L’absence persistante d’une disposition prévoyant des quotas par sexes fait naître de sérieuses préoccupations quant aux préjugés sociaux insurmontables qu’auront à affronter les candidats du sexe féminin pour obtenir les votes requis en vue de leur participation au comité qui rédigera la première constitution libyenne depuis l’accession au pouvoir de Kadhafi en 1969.

Certains postes à responsabilité au sein de l’appareil politique libyen sont, néanmoins, occupés par des femmes.

Aux élections parlementaires de juillet 2012, 33 femmes ont été élues au Congrès général national (CGN), assemblée qui compte au total 200 membres. Il s’agissait des premières élections libres organisées en Libye depuis 1965.

Bien que cela représente une avancée notable au plan de la participation des femmes à la vie politique, le risque de voir les femmes manquer l’opportunité de participer à la rédaction de la nouvelle constitution et ce que cela suppose en termes d’atteintes importantes à leurs droits – y compris ceux acquis sous le régime de Kadhafi - suscite une profonde inquiétude.

 

Signes d’une régression

Kadhafi était connu de par le monde pour sa garde féminine très allurée – souvent considérée comme une marque de sa conviction en matière d’égalité des sexes.

Bien que le cadre juridique dont était dotée la Libye sous l’ère Kadhafi fût fondé sur des lois et des déclarations internationales clés ancrées dans la garantie de l’égalité entre la femme et l’homme, celle-ci n’était pas pratique courante parmi la suite du leader libyen.

Les membres de l’entourage de Kadhafi choisissaient systématiquement des femmes pour leur servir de concubines – il leur arrivait parfois de les épouser mais ces femmes n’avaient pas de choix en la matière.
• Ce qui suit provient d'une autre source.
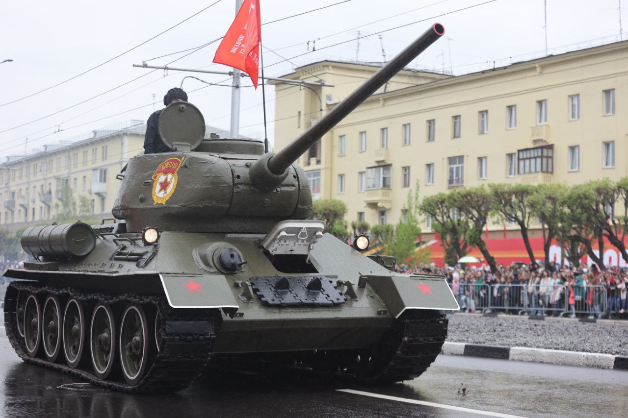 Участие в нем приняли 39 парадных расчетов. По Красрабу проехали 40 единиц современной и раритетной военной техники, в том числе символ Победы – легендарный танк Т-34.

« S’ils vous choisissaient, votre compte était bon. Personne ne pouvait rien pour vous », confie une jeune femme dont des amies ont été forcées de rejoindre un harem de ce genre.

Les femmes libyennes n’auront certes plus à s’inquiéter de subir un tel sort, toutefois, selon l’écrivaine libyenne Nahla Karam, le soulèvement de 2011 laisse un goût de trop peu.

D’après elle, ce qu’il faut à présent c’est une révolution dans l’esprit des hommes libyens.

La société libyenne reste hostile à la notion d’égalité des sexes – les femmes, elles-mêmes, ont tendance à entretenir des idées conservatrices de ce qu’elles peuvent et ne peuvent pas faire.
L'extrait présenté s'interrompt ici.